LB831 would raise pleading and liability standards for ethylene‑oxide sterilizers; med‑tech groups and local chambers warned the EPA’s stricter rules threaten sterilization capacity and jobs, while trial attorneys said the bill functions as immunity and could improperly block valid claims.

Lincoln — A bill that would limit state‑court claims against medical‑sterilization facilities using ethylene oxide (EO) drew sharply divided testimony, with industry groups and a local chamber urging legal predictability to protect jobs and local investment while plaintiff attorneys warned the measure amounts to immunity that would prevent victims from obtaining justice.
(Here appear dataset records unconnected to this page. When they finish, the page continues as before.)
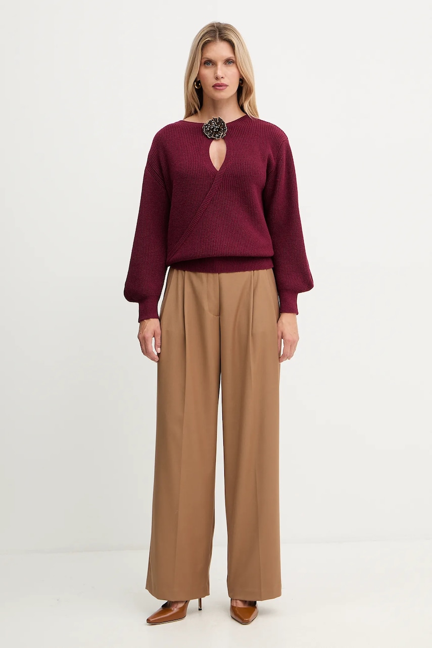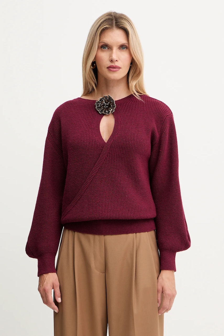 Simona Corsellini sweter z dodatkiem wełny damski kolor bordowy lekki A25CPMGG0401
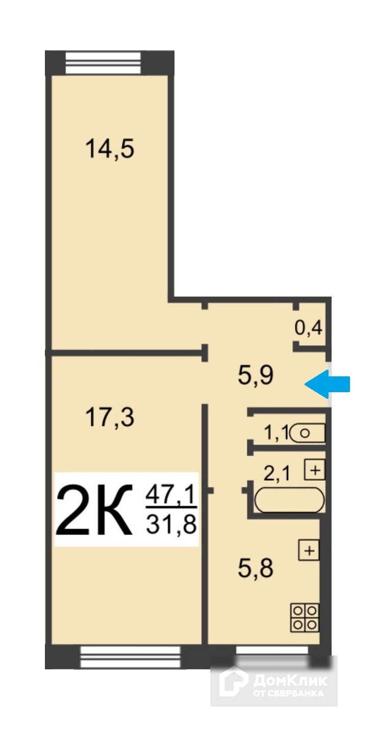 Жилая площадь 31.8 м2
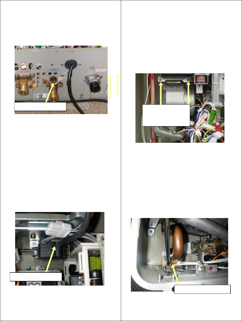 heater from freeze ups. There are two heaters located on the outlet hot water line next to the thermistor.
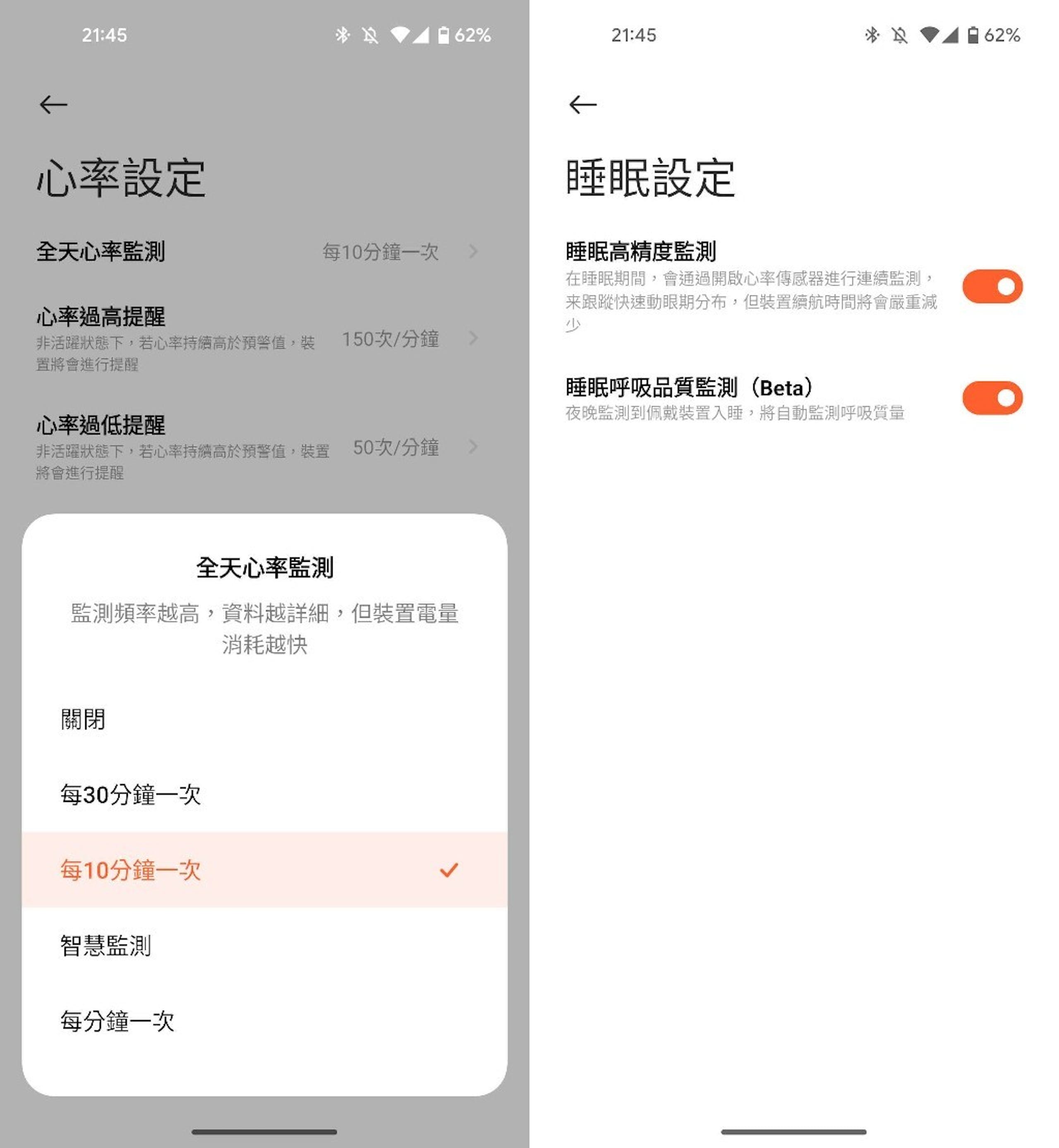▲ 심박수 감지의 경우 감지 빈도를 직접 선택할 수 있으며 일반적으로 10분마다 기록하는 것은 데이터와 배터리 수명을 모두 고려할 수 있습니다.
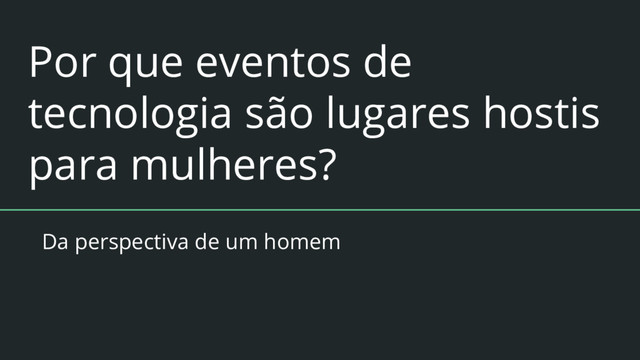 Você já se perguntou porque mulheres estão sempre em números tão pequenos nos eventos de tecnologia, cursos universitários de engenharias e computação? Não venha me dizer que isso são coisas de homem ou que mulheres não têm interesse por isso pois eu também já pensei isso e descobri que estava muito errado.
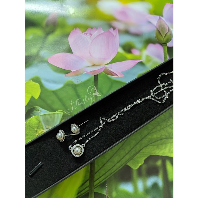 ❤Set dây chuyền và hoa tai được làm từ bạc Sterling 925 kết hợp ngtrai nước ngọt, đường kính hạt tr.ai 0,8cm, đường kính mặt 1cm. Độ dài dây 42-45cm.
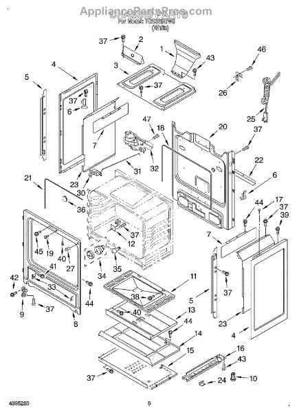 This factory screw secures appliance components to their mounting points. Replace missing, worn, or stripped hardware to restore a tight fit, proper alignment, and quieter operation across the affected assembly.
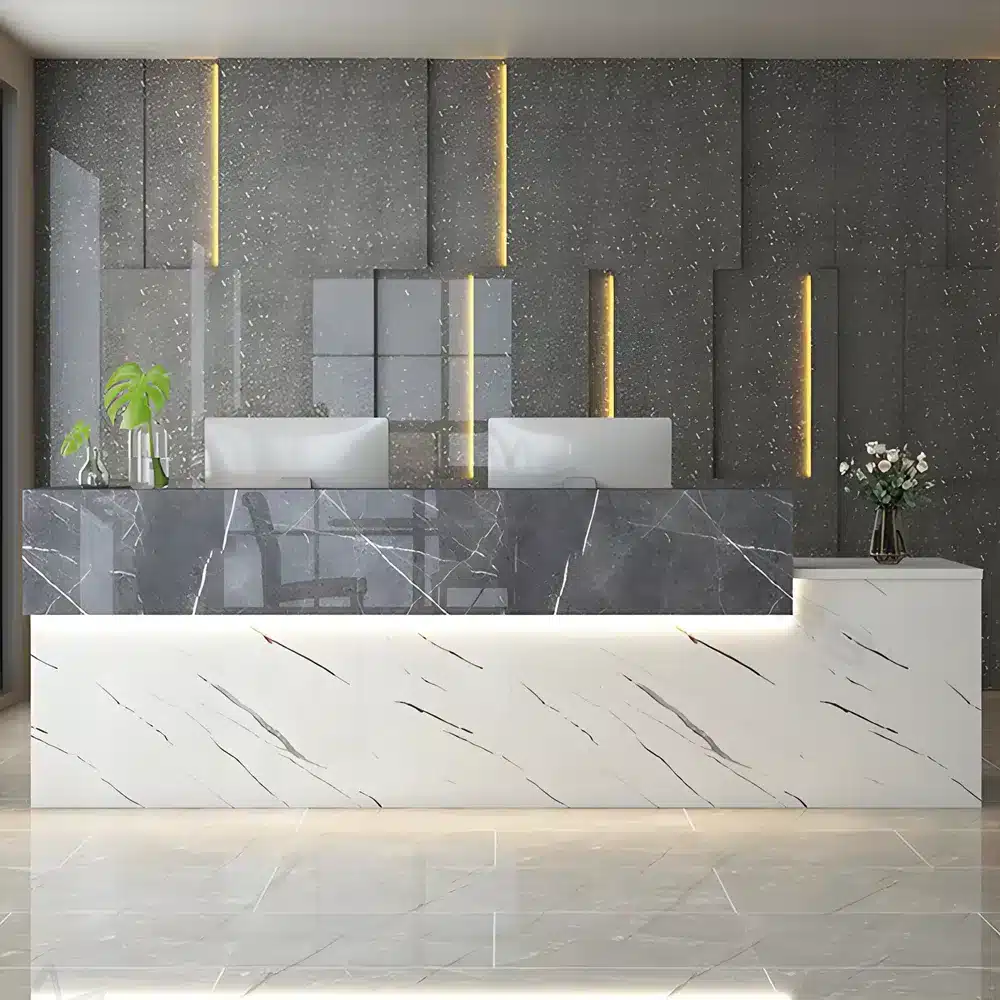 We upgraded from a basic table to this reception counter and it was totally worth it. It makes the space look more professional and welcoming.
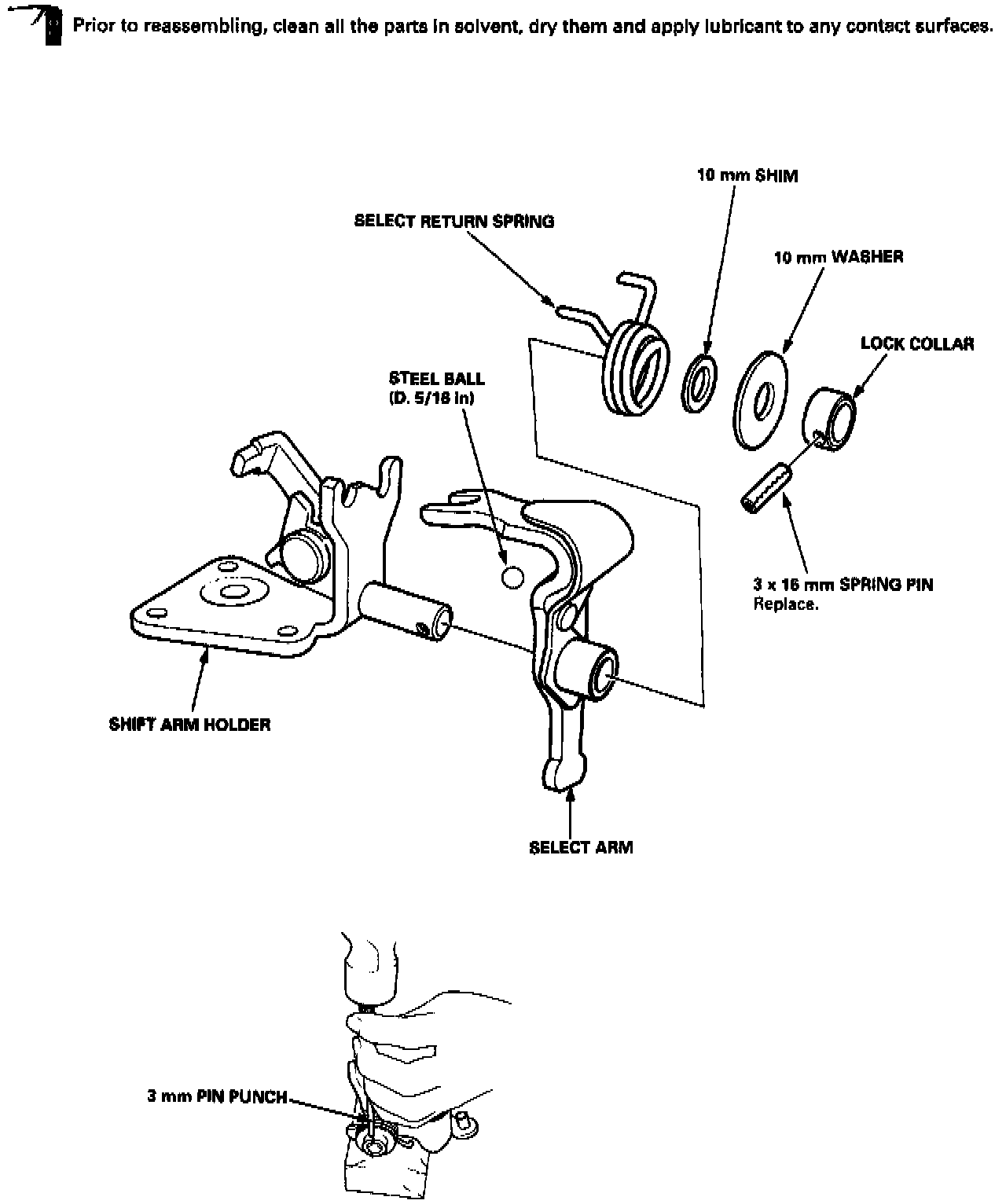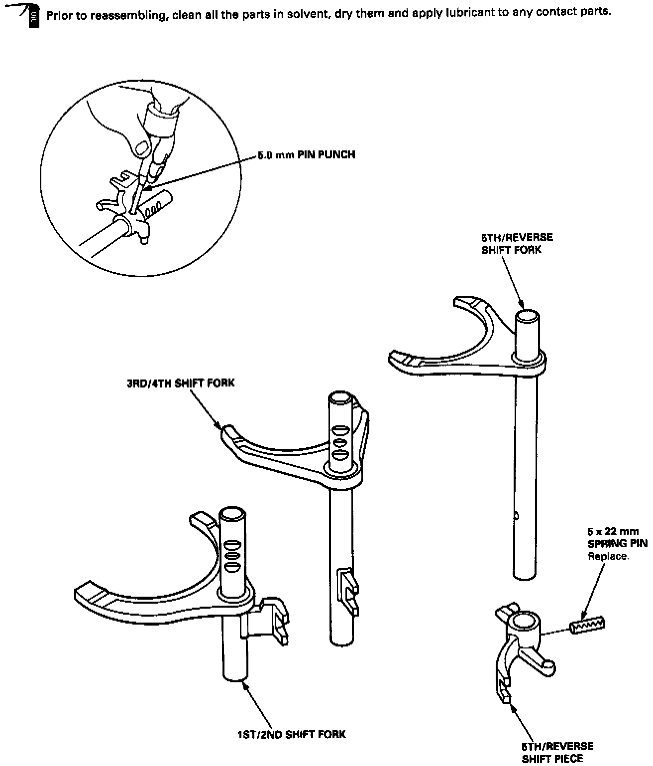 OIL: Prior to reassembling, clean all the parts in solvent, dry them, and apply lubricant to any contact surfaces. The 3rd/4th and the 5th synchro hubs, however, should be installed with a press before lubricating them.

Senator Bob Hallstrom introduced LB831, saying ethylene oxide sterilization is used for a large share of medical devices and the industry faces an EPA rule (NESHAP, updated in 2024) that requires dramatic emission reductions. Hallstrom said the bill would require plaintiffs to plead present physical injury, treat substantial compliance with federal safety rules as a defense and require particularity in pleading — measures he framed as necessary to preserve sterilization capacity and Nebraska jobs.

Representatives of BD (manufacturing in Columbus), BioNebraska and Advomed testified that EO is essential for many devices, that Nebraska hosts major manufacturing and that uncertainty could dissuade expansion. Dawson Brunswick of the Columbus Area Chamber said BD’s investments supported thousands of jobs locally and urged “certainty and fairness” for employers.

Opponents from the Nebraska Association for Trial Attorneys and other plaintiff lawyers said the bill imposes abnormal pleading standards (clear and convincing evidence, particularity) and grants de facto immunity to regulated actors who may nevertheless have exposed communities. They urged the committee to seek public‑health data on local exposure, cancer rates and the population affected before limiting state remedies.

Senator Hallstrom said he is open to meetings with trial lawyers and noted his office planned targeted amendments after State Patrol flagged laboratory‑testing constraints for some proposed schedule items in a different bill. The committee took no vote and the bill remains subject to amendment and negotiation.